Прошло немного времени, и появились трое тяжело нагруженных слуг. Они искали трех охотников. Я указала им через мост. Вслед за слугами показался одинокий всадник, он ехал, свесив голову на грудь, а его лошадь шла так медленно, словно в его распоряжении было все время на свете. Казалось, он растворяется в серых сумерках. Требовалось взглянуть еще раз, чтобы убедиться, что он не наваждение и не игра света. Лишь когда он въехал на нашу полянку, я поняла, что это Д'Натель. Принц выпал из седла.
— Уезжаем немедленно, — произнес он, осушая флягу, которую наполнил для него Баглос.
— За нами по-прежнему гонятся?
Д'Натель нахмурился, глядя через плечо на пересечение дороги и темной лесной тропы.
— Я оторвался от тех двоих, что ехали за нами от города.
— Это зиды?
Он пожал плечами.
— Они были прилипчивы, словно гончие, но держались слишком далеко, чтобы я мог определить. Мне удалось избавиться от их заклятия недалеко от вашей деревни.
— Но что-то по-прежнему беспокоит тебя.
— Я проехал от деревни до твоего дома, чтобы найти эту дорогу. С тех пор я ощущаю еще чье-то присутствие. Но я не уверен. Оно не так тяжеловесно, как присутствие тех двоих, — вроде блохи на гончей. И никакой магии. Нам нужно ехать. Я разберусь с ним.
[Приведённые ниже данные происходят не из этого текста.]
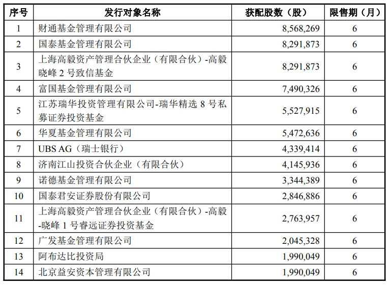 智通财经APP获悉,7月1日,杰瑞股份(002353.SZ)发布非公开发行A股股票之发行情况报告书,确定发行价格为36.18元/股,对应认购数量为6909.8949万股,认购金额约25亿元。据报告书,财通基金、国泰基金、上海高毅资产、富国基金等15家机构参投,限售期均为6个月。

Без сомнения, проклятый шериф. Нужно было позволить Д'Нателю убить его.
Мы ехали на запад по лесной дороге. Полная луна светила сквозь нависающие ветви, превращая тропу в сплошные полосы света и тени. Мы ехали быстро и молча, словно теперь, когда все второстепенные вопросы были разрешены, на передний план вышла срочность нашего дела.
Около полуночи Д'Натель отстал, приглашая нас с Баглосом ехать вперед.
— Блоха, — произнес он тихо и растворился среди теней у обочины дороги. Мы с дульсе продолжали путь, не меняя шага. Прошла четверть часа, по дороге позади нас торопливо застучали копыта. Две лошади. Подобрав поводья, мы прижались к деревьям.
Показался Д'Натель, на поводу он вел лошадь без всадника. Принц остановился рядом с нами, из странного вытянутого свертка, перекинутого через его седло, понеслись приглушенные проклятия, от которых покраснели бы даже товарищи Якопо.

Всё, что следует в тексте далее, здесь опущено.